INFORMATION PROVIDED:
"""
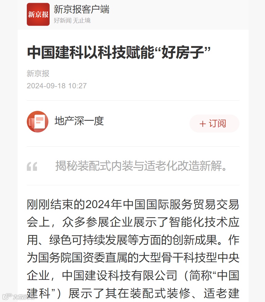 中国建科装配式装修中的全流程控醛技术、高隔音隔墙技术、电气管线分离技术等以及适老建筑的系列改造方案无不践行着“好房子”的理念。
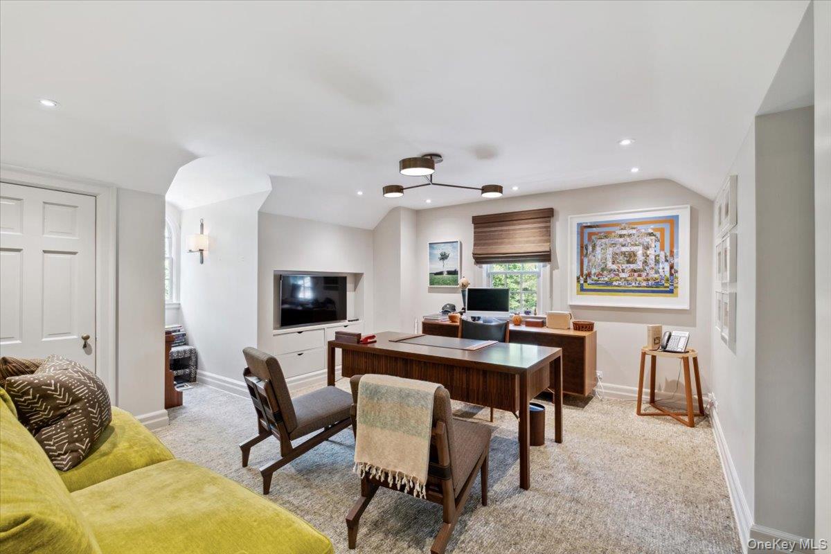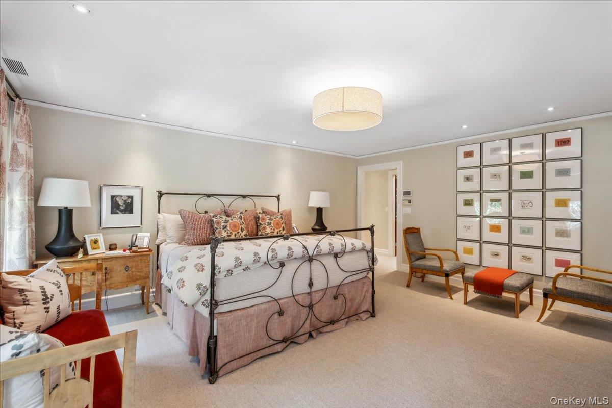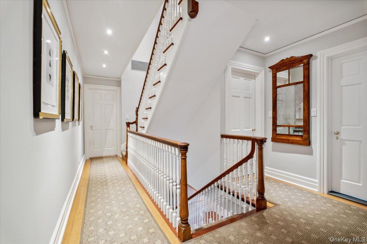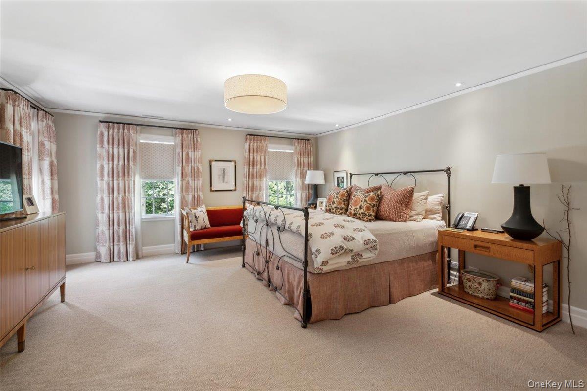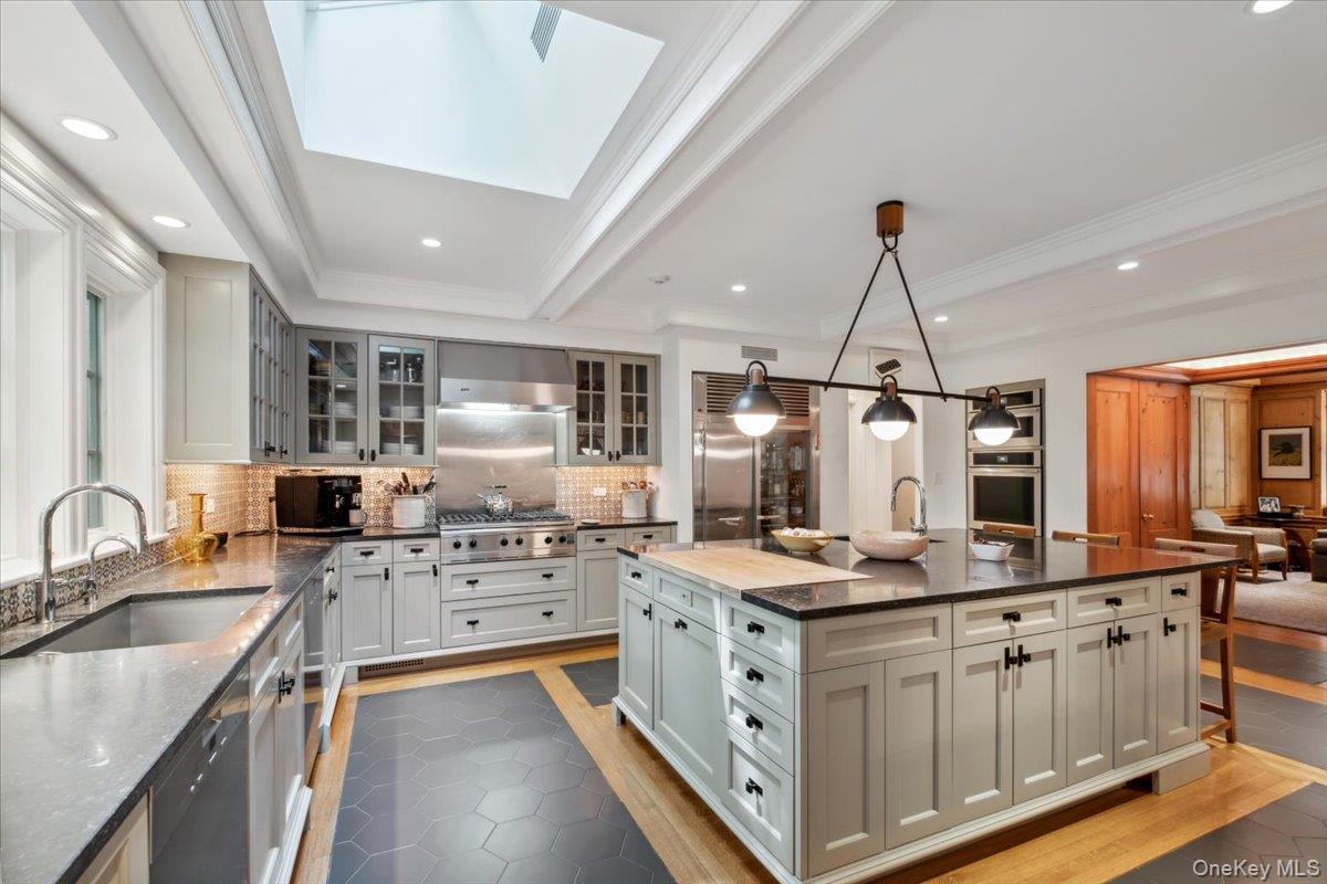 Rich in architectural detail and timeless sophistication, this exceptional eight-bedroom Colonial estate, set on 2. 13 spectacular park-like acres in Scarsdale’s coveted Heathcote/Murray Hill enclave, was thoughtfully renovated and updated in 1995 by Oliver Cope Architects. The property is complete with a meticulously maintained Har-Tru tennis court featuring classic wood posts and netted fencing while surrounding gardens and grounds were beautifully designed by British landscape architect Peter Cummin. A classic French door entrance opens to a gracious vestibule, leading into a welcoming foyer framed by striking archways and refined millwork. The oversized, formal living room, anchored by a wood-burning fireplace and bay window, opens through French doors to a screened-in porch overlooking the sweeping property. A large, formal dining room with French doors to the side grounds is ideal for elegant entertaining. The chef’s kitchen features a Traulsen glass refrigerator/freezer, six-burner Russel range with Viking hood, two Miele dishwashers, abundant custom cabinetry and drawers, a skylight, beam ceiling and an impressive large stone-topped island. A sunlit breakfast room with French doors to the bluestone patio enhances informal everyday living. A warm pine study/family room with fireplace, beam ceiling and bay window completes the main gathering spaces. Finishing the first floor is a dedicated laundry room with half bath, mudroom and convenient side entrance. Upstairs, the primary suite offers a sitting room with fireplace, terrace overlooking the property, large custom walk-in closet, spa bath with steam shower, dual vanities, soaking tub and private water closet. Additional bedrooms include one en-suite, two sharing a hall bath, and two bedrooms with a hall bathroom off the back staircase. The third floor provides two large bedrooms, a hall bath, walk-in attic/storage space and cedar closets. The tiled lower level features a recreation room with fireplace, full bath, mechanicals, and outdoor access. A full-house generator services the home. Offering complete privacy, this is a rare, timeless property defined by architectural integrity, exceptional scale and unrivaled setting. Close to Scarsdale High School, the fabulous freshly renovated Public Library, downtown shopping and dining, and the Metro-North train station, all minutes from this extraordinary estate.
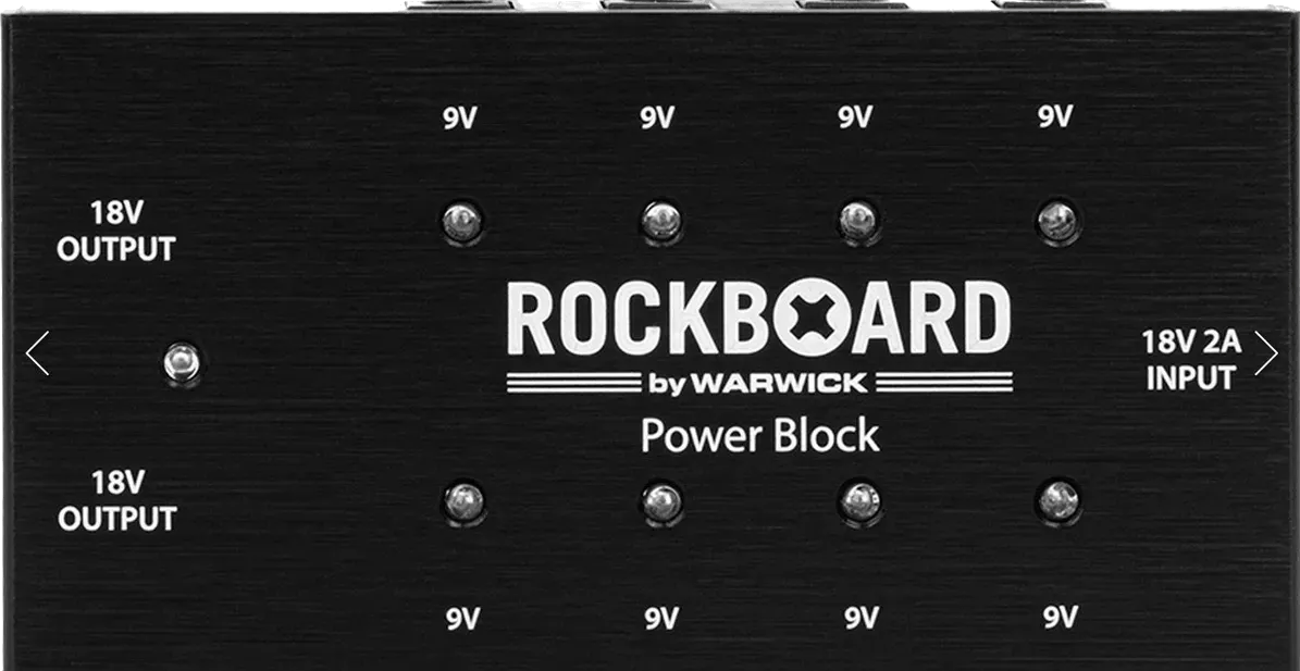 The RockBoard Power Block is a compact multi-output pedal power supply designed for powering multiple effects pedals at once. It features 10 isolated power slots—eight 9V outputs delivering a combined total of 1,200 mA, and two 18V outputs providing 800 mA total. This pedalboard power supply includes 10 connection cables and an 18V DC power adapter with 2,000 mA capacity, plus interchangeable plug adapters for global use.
"""
YOUR TASK:
Please reproduce the listing exactly, leaving out any pictures.

EXERCISE RESULT:
 中国建科装配式装修中的全流程控醛技术、高隔音隔墙技术、电气管线分离技术等以及适老建筑的系列改造方案无不践行着“好房子”的理念。
 Rich in architectural detail and timeless sophistication, this exceptional eight-bedroom Colonial estate, set on 2. 13 spectacular park-like acres in Scarsdale’s coveted Heathcote/Murray Hill enclave, was thoughtfully renovated and updated in 1995 by Oliver Cope Architects. The property is complete with a meticulously maintained Har-Tru tennis court featuring classic wood posts and netted fencing while surrounding gardens and grounds were beautifully designed by British landscape architect Peter Cummin. A classic French door entrance opens to a gracious vestibule, leading into a welcoming foyer framed by striking archways and refined millwork. The oversized, formal living room, anchored by a wood-burning fireplace and bay window, opens through French doors to a screened-in porch overlooking the sweeping property. A large, formal dining room with French doors to the side grounds is ideal for elegant entertaining. The chef’s kitchen features a Traulsen glass refrigerator/freezer, six-burner Russel range with Viking hood, two Miele dishwashers, abundant custom cabinetry and drawers, a skylight, beam ceiling and an impressive large stone-topped island. A sunlit breakfast room with French doors to the bluestone patio enhances informal everyday living. A warm pine study/family room with fireplace, beam ceiling and bay window completes the main gathering spaces. Finishing the first floor is a dedicated laundry room with half bath, mudroom and convenient side entrance. Upstairs, the primary suite offers a sitting room with fireplace, terrace overlooking the property, large custom walk-in closet, spa bath with steam shower, dual vanities, soaking tub and private water closet. Additional bedrooms include one en-suite, two sharing a hall bath, and two bedrooms with a hall bathroom off the back staircase. The third floor provides two large bedrooms, a hall bath, walk-in attic/storage space and cedar closets. The tiled lower level features a recreation room with fireplace, full bath, mechanicals, and outdoor access. A full-house generator services the home. Offering complete privacy, this is a rare, timeless property defined by architectural integrity, exceptional scale and unrivaled setting. Close to Scarsdale High School, the fabulous freshly renovated Public Library, downtown shopping and dining, and the Metro-North train station, all minutes from this extraordinary estate.
 The RockBoard Power Block is a compact multi-output pedal power supply designed for powering multiple effects pedals at once. It features 10 isolated power slots—eight 9V outputs delivering a combined total of 1,200 mA, and two 18V outputs providing 800 mA total. This pedalboard power supply includes 10 connection cables and an 18V DC power adapter with 2,000 mA capacity, plus interchangeable plug adapters for global use.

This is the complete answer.